# leupold scope



## waderoo (Apr 27, 2005)

I am looking at a leupold scope to buy, but it has smooth turning elavation and windage turret instead of clicks. I was wondering if this is a good or bad thing, and will they move around on me?


----------



## jeep_guy_4x4 (Apr 11, 2005)

Which scope are you looking at?


----------



## waderoo (Apr 27, 2005)

I can't remember which one it was exactly it was one of their cheaper ones like 300 bucks but the guy at the store was kinda talking it down because it had the smooth turning turrets. I was kinda thinking that they might be a good thing cause with the ones that have a 1/4" click at 100 hundred yards, well what if your gun shoots right between two of the clicks so you are a quarter inch off no matter what.
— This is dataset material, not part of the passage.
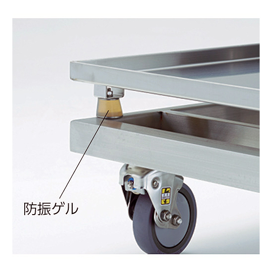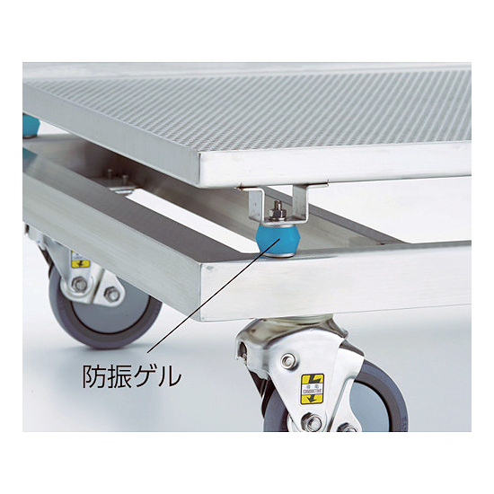 | ■特長 ●防振ゲルと振動衝撃吸収導電ウレタンキャスターを装着したSUS304製台車です。

With the smooth turning ones wouldn't you be able to get it more dead on since you could turn it and say change the position of the cross hairs by 1/16th of an inch. i don't know if i am right about all this or not?


----------



## Plainsman (Jul 30, 2003)

wadero

Your right they will adjust to pinpoint if your rifle shoots good enough to tell. Also, the adjustment is stiff enough that it will not move.


----------



## Ramblin Rogue (Jun 16, 2005)

If your rifle shoots good enough to be concerned about 1/16th of an inch at 100, I would not be putting a $300.00 scope on it. I may be new to the forum but not to bench shooting. All of my rifles custom, semi-custom and production have scopes that adjust a minimum of 1/8 MOA but most have 1/4 MOA and it is not a concern. When you shoot that tight it is not about exact point of impact as much as group size. IMHO.
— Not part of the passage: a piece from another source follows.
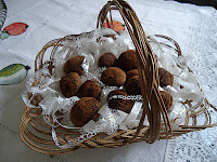 triturar passas pretas com um pouco de tâmaras. ir acrescentando as nozes trituradas com as frutas secas aos poucos, não colocar muitas frutas secas, salpicar alfarroba ( bem pouco, este é o segredo), raspa da casca da laranja., misturar bem e formar as trufas. Passar na farinha de alfarroba de leve.

I have a few older Leupolds with tension twist and they have never failed me.


----------



## Dave_w (May 25, 2005)

Pros and cons to both the twist and the click styles.

The twist style makes it harder to adjust based on conditions, but you can get as precise as you need to be with it. The click style is easy to adjust, but you're left with that annoying gap. Although frankly, like the other guy said, does it really matter? How big is the X-ring, and at what range are you shooting? If the click is 1/2" at 150 yards, it's 1" at 300. And then it'll only barely matter. And besides, most of the clicks are 1/8" or 1/4", so unless you're shooting at something half a mile away with a gun accurate enough that that kind of aim really matters...


----------